0

Let's say that I have a binary classifier and perform leave-one-out cross-validation.
I have, then, one vector of predicted $Y_{pred}$ and true $Y_{true}$ labels.
Is it correct to perform a bootstrapping on the pairs $(Y_{pred,i}, Y_{true,i})$ to estimate the CI of the accuracy?

In other words, given a dataset with $M$ samples, $(Y_{true},Y_{pred}\in\{0,1\}^M)$:

  • for $n=1, \ldots,N$:
  • define $I$ by randomly select $M$ indices $i\in\{1,\ldots,M\}$ with replicates
  • calculate the accuracy with the selected pairs $a_n=Accuracy(Y_{true,i},Y_{pred,i}), \quad i\in I$

This procedure gives me $N$ values for the accuracy $a_n$ from which I can estimate the CI.
Is this a correct procedure to estimate the variability of the accuracy? If not, what does this procedure estimates?

1 Answers1

0

What you seem to be missing, is that after sampling the bootstrap sample, you use this data to train the model, then you make predictions using it, and calculate accuracy. Sampling the results calculated on all data would not work, because it does nothing to check what would be the results if you had different data to train your model.

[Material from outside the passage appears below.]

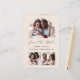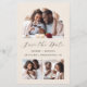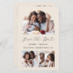 Cette simple et minimaliste carte Save the Date comprend une photo en arc en haut et deux photos carrés en bas. Entre les deux, les mots "Save the Date" apparaissent dans un élégant script d'écriture noire, suivi des noms du couple, date mariage et ville en sans serif police sur un arrière - plan beige. Ajoutez une quatrième photo horizontale avec un message plus détaillé au dos.
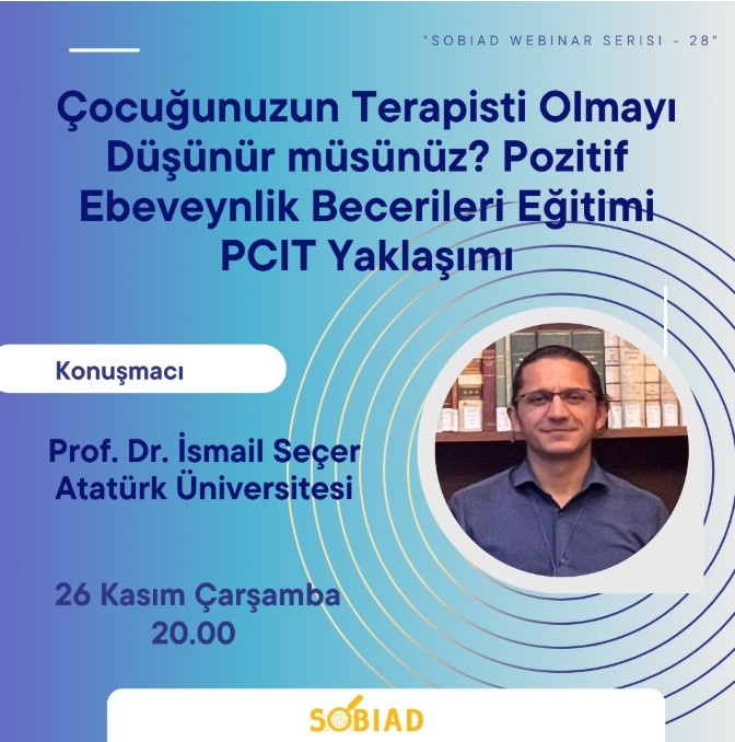 Sobiad Atıf Dizini tarafından ''Çocuğunuzun Terapisti Olmayı Düşünür müsünüz? Pozitif Ebeveynlik Becerileri Eğitimi PCIT Yaklaşımı'' webinarı düzenlenecektir.

See this and this thread for some explanations how does bootstrap work. TL;DR it imitates sampling from the population, by sampling from the empirical distribution. Randomly resampling the accuracy calculated on the full sample does not imitate anything related to sampling your data, so there is no reason why this procedure would be useful to calculating anything.

Tim
  • 108,699
  • 20
  • 212
  • 390